### WHAT THE TASK REQUIRES
In the data below, find each line carrying the string "yellow" and copy it out.

### DATA FOR THE TASK
━━━━
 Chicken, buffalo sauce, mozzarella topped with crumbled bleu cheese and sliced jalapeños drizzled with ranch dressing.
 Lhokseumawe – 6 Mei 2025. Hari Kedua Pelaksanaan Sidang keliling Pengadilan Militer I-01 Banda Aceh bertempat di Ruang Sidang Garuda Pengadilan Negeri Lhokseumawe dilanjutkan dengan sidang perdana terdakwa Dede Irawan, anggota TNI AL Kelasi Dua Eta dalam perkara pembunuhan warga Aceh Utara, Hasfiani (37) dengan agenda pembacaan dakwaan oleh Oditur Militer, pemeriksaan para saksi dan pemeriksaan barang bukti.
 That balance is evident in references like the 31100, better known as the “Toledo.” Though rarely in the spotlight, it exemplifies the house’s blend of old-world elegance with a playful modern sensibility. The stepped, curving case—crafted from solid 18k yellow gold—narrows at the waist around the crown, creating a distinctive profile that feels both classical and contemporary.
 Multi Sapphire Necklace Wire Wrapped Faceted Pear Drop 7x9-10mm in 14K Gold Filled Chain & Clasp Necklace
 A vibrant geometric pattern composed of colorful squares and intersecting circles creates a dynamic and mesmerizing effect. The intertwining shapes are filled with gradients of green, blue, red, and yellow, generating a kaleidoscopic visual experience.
━━━━
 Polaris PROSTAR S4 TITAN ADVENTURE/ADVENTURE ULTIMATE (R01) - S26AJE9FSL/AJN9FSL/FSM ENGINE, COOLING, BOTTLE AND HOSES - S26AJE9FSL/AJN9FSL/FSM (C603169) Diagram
━━━━
### ANSWER BOX
 That balance is evident in references like the 31100, better known as the “Toledo.” Though rarely in the spotlight, it exemplifies the house’s blend of old-world elegance with a playful modern sensibility. The stepped, curving case—crafted from solid 18k yellow gold—narrows at the waist around the crown, creating a distinctive profile that feels both classical and contemporary.
 A vibrant geometric pattern composed of colorful squares and intersecting circles creates a dynamic and mesmerizing effect. The intertwining shapes are filled with gradients of green, blue, red, and yellow, generating a kaleidoscopic visual experience.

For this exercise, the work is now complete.